Material for this exercise section start
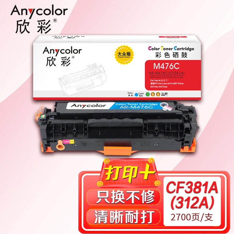 产品名称 : 欣彩 CF381A硒鼓 大众版 AR-M476C 312A硒鼓 蓝色 适用惠普HP Color LaserJet Pro MFP 476nw M476dn M476dw
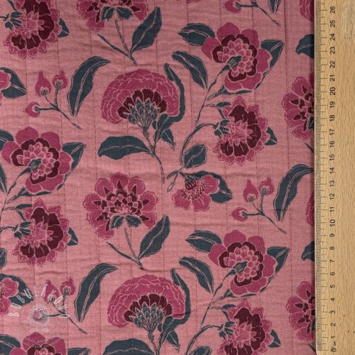 Dvojitá gázovina/mušelín STEPPED Flowers mauve
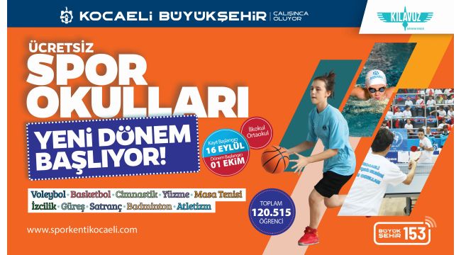 Kocaeli Büyükşehir Belediyesi’nin ilkokul ve ortaokul öğrencilerin bedenen ve ruhen sağlıklı bir birey olmaları için gerçekleştirileceği Ücretsiz Kış Dönemi Spor Okulları için kayıtlar almaya devam ediyor. Eğitimlerin 1 Ekim Salı günü başlayacağı Spor Okulları 10 farklı branşı kapsıyor.
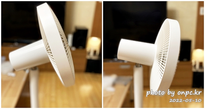 쉽게 조절할 순 있지만 일반 선풍기처럼 목 뒤 버튼 누르고 1단, 2단, 3단 아래 위로 조절하는 방식이 아니래서 귀찮은 불편함 그래서 단점이라고 생각할 수도 있어요.
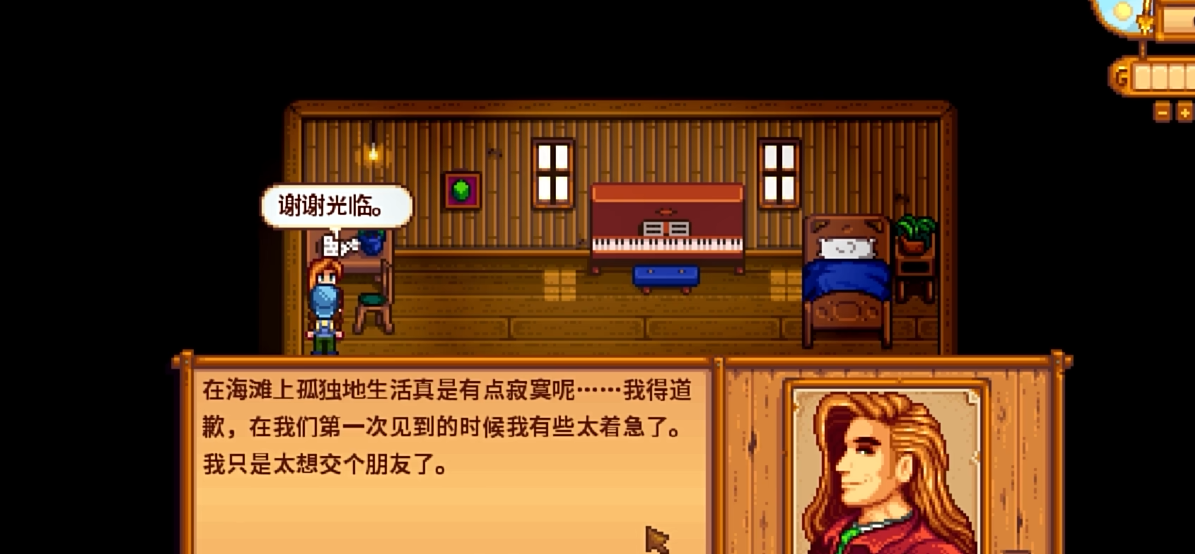 这家伙是个浪漫的作家,最爱龙虾、鸭毛和石榴,每周送两次这些礼物能快速提升好感。千万别送披萨或浮木油,他会嫌弃。好感度够了就能进他家参观,里面摆满书架和手稿,还能触发特殊剧情,比如看他弹钢琴或聊小说灵感。
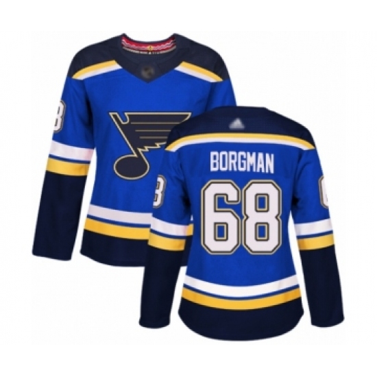 Women's St. Louis Blues #68 Andreas Borgman Authentic Royal Blue Home Hockey Jersey
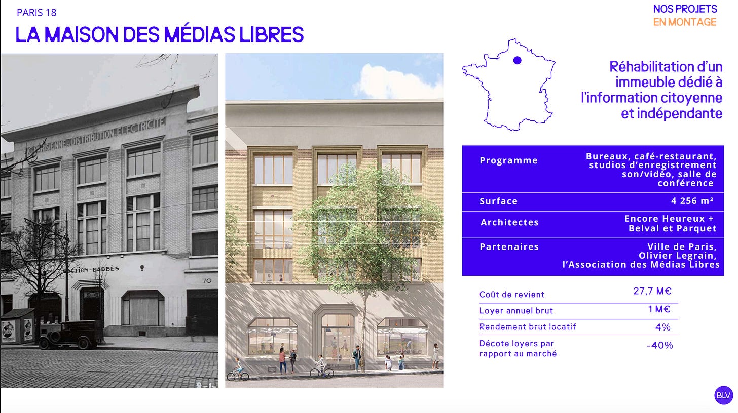 Une ancien bâtiment EDF à Paris qui va être réhabilitée en un tiers-lieu qui accueillera 80 médias libres, ainsi qu’un café resto, des studios d’enregistrement, des salles de conférences…
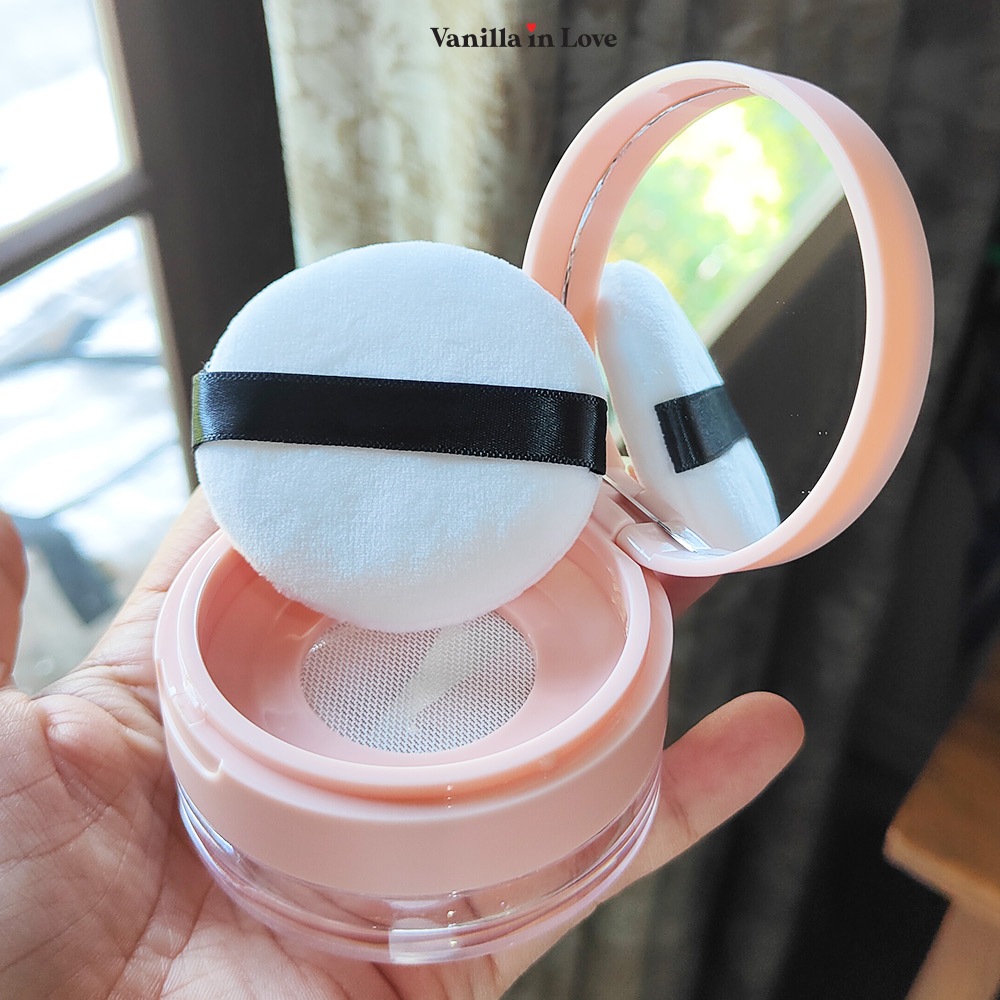 BA10 ตลับใส่แป้งเปล่า 20 กรัม ตาข่ายกระจายแป้ง พร้อมพัฟ สีชมพูอ่อน
Material for this exercise section end
■ **Your instructions**
Exact lines only, please. Repeat everything from the top of the records through the line containing "Kocaeli Büyükşehir Belediyesi’nin", both ends in and pictures out.

■ **Response below**
 产品名称 : 欣彩 CF381A硒鼓 大众版 AR-M476C 312A硒鼓 蓝色 适用惠普HP Color LaserJet Pro MFP 476nw M476dn M476dw
 Dvojitá gázovina/mušelín STEPPED Flowers mauve
 Kocaeli Büyükşehir Belediyesi’nin ilkokul ve ortaokul öğrencilerin bedenen ve ruhen sağlıklı bir birey olmaları için gerçekleştirileceği Ücretsiz Kış Dönemi Spor Okulları için kayıtlar almaya devam ediyor. Eğitimlerin 1 Ekim Salı günü başlayacağı Spor Okulları 10 farklı branşı kapsıyor.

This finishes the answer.